_Records to process_:
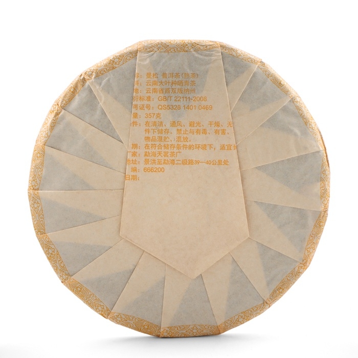 Чай китайский "Шу Пуэр Маньсун", уезд Мэнхай, 2014 г, блин, 357 г
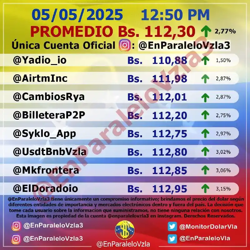 Pero, para la una de la tarde, el precio dio un salto y sobrepasó los 112 bolívares, para ubicarse en Bs. 112,30, registrando un incremento de 2.77% en solo unas horas.
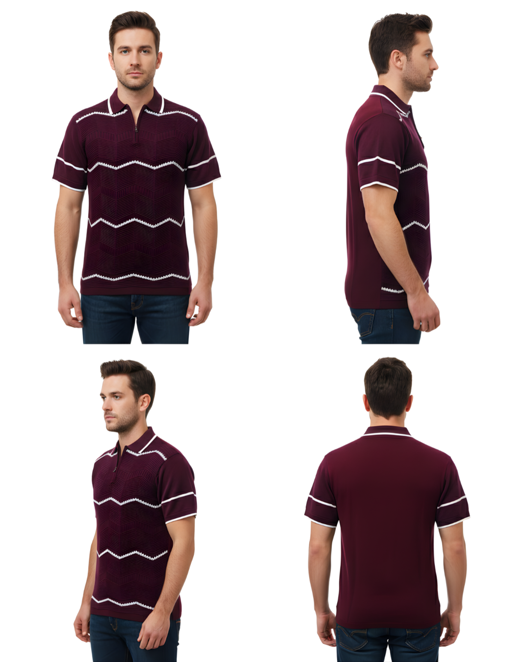 Keywords: maroon knit polo, textured t-shirt men, chevron pattern polo, half sleeve zip t-shirt, summer casual wear.
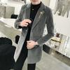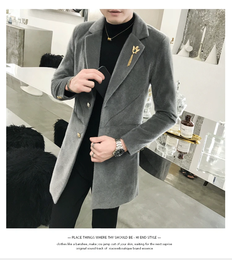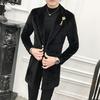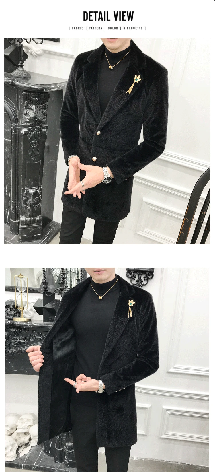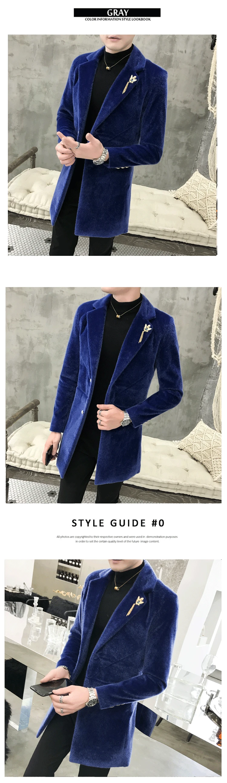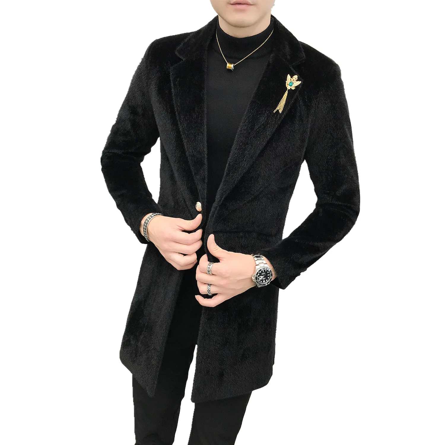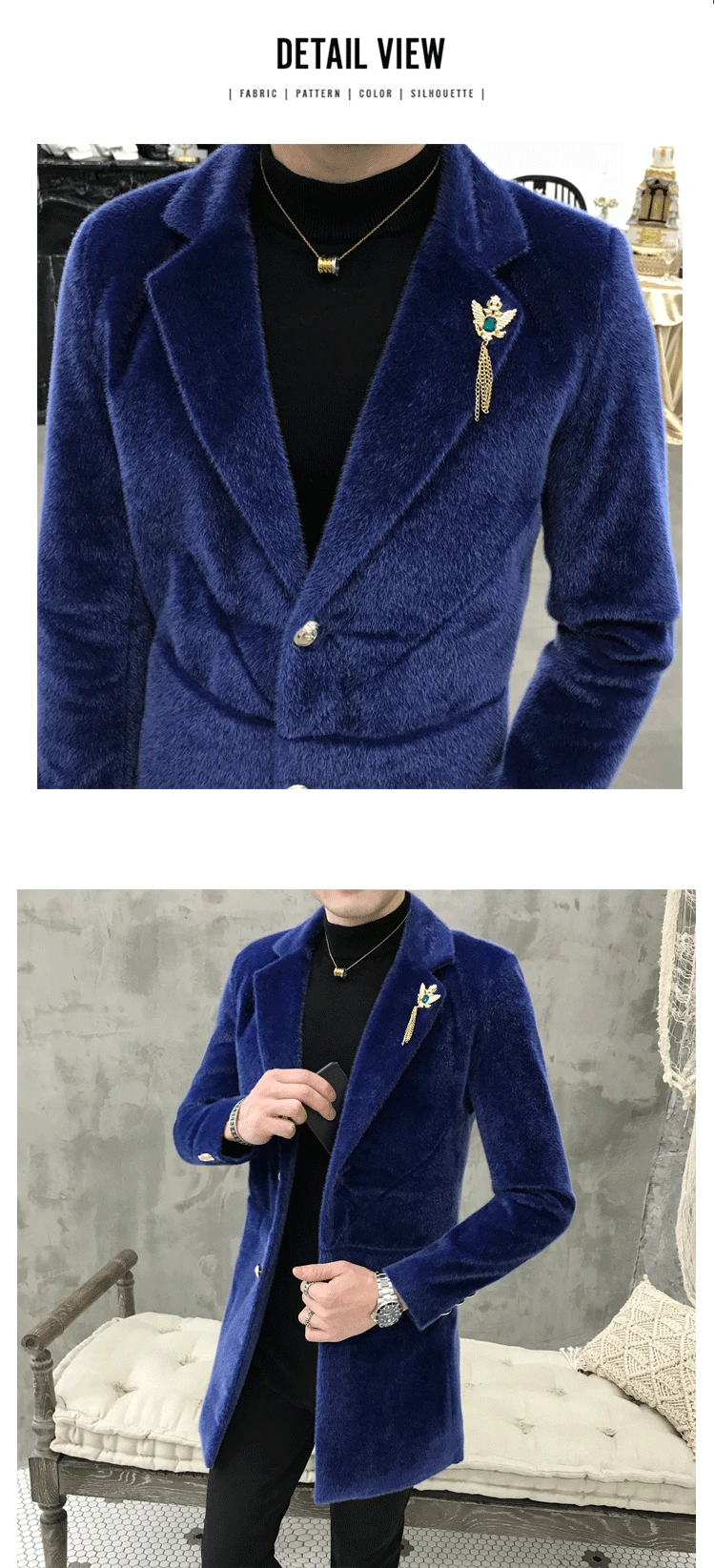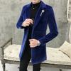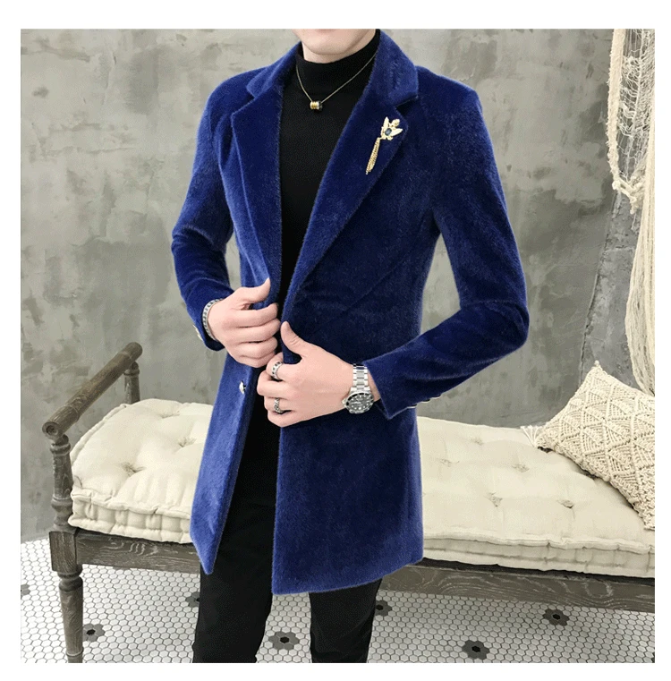 Luxury Mens Long Coats Black Velvet Long Trench Coat Mens Wool Coats Gentleman Long Jackets Slim Fit Elegant Abrigos Hombre Blue
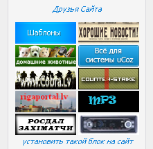 Как же быть без блока баннеров друзей под названием "Наши друзья" для портала uCoz. Конечно многие из Вас подумают да ведь это только реклама, но я Вам скажу больше - такой блок с баннерами друзей сделает Ваш сайт как и красивее так и более популярными, так как раз есть баннеры друзей, значит Ваш сайт сотрудничает с другими и ведёт работу по оптимизации. Всё равно на баннеры мало кто кликает, зато сайт станет более приметнее. Ведь согласитесь, на любом хорошем и популярном сайте есть свой такой блок ;)
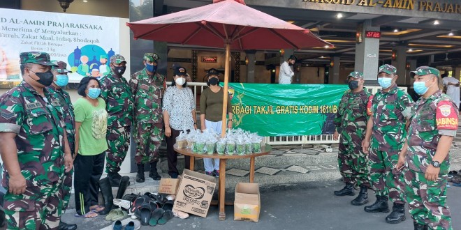 Denpasar – Kodim 1611/Badung membagikan Takjil Gratis kepada Masyarakat di Bulan Ramadhan yang bertempat di Masjid AL- Amin Prajaraksaka kepaon Denpasar selatan Kota Denpasar.Minggu(24/04/22).
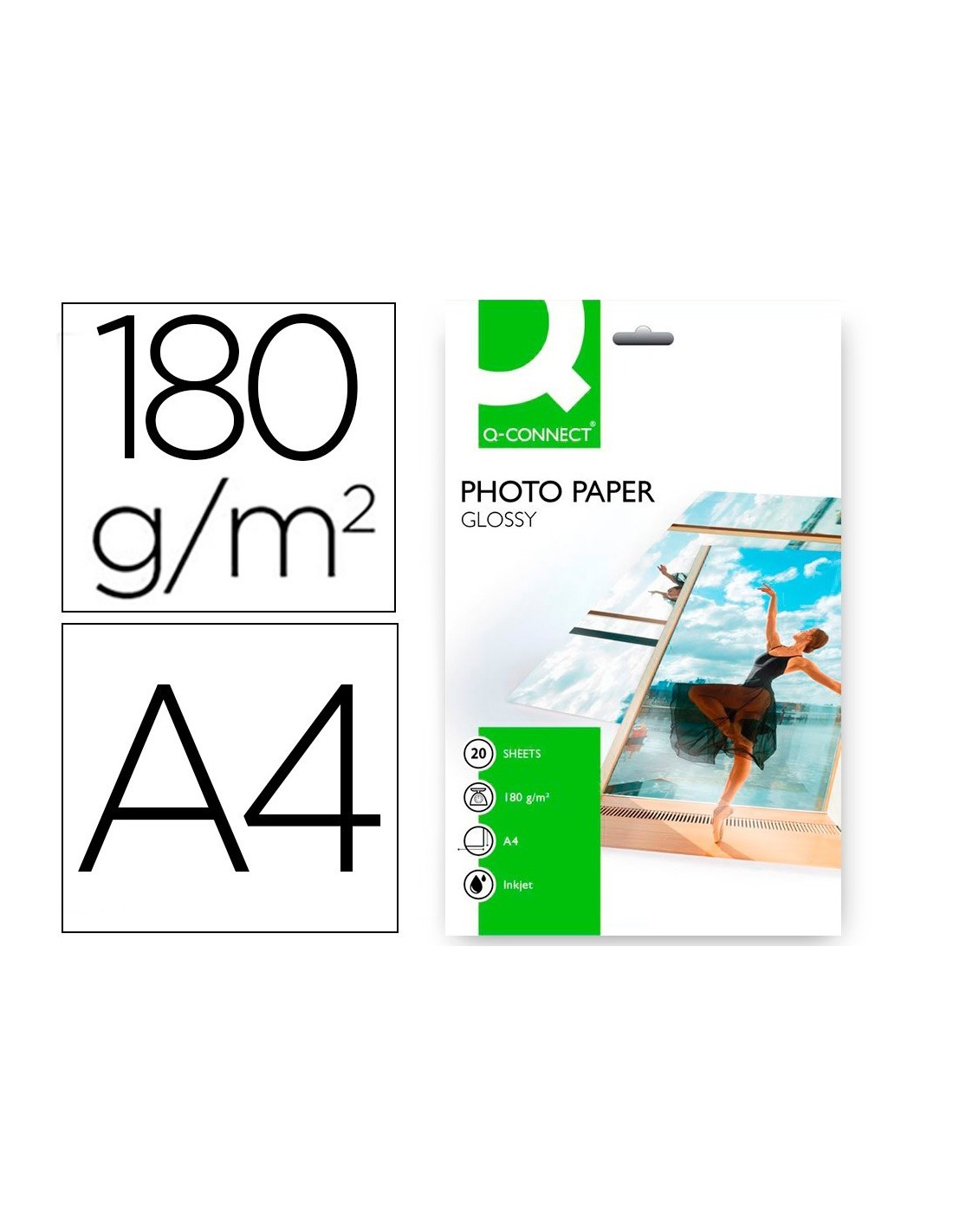 PAPEL Q-CONNECT FOTO GLOSSY KF01103 DIN A4 DIGITAL PHOTO PARA INK-JET BOLSA DE 20 HOJAS DE 180 GR

_What you need to do_: Write the records out exactly once more, leaving off the pictures.

_Answer to this task_:
 Чай китайский "Шу Пуэр Маньсун", уезд Мэнхай, 2014 г, блин, 357 г
 Pero, para la una de la tarde, el precio dio un salto y sobrepasó los 112 bolívares, para ubicarse en Bs. 112,30, registrando un incremento de 2.77% en solo unas horas.
 Keywords: maroon knit polo, textured t-shirt men, chevron pattern polo, half sleeve zip t-shirt, summer casual wear.
 Luxury Mens Long Coats Black Velvet Long Trench Coat Mens Wool Coats Gentleman Long Jackets Slim Fit Elegant Abrigos Hombre Blue
 Как же быть без блока баннеров друзей под названием "Наши друзья" для портала uCoz. Конечно многие из Вас подумают да ведь это только реклама, но я Вам скажу больше - такой блок с баннерами друзей сделает Ваш сайт как и красивее так и более популярными, так как раз есть баннеры друзей, значит Ваш сайт сотрудничает с другими и ведёт работу по оптимизации. Всё равно на баннеры мало кто кликает, зато сайт станет более приметнее. Ведь согласитесь, на любом хорошем и популярном сайте есть свой такой блок ;)
 Denpasar – Kodim 1611/Badung membagikan Takjil Gratis kepada Masyarakat di Bulan Ramadhan yang bertempat di Masjid AL- Amin Prajaraksaka kepaon Denpasar selatan Kota Denpasar.Minggu(24/04/22).
 PAPEL Q-CONNECT FOTO GLOSSY KF01103 DIN A4 DIGITAL PHOTO PARA INK-JET BOLSA DE 20 HOJAS DE 180 GR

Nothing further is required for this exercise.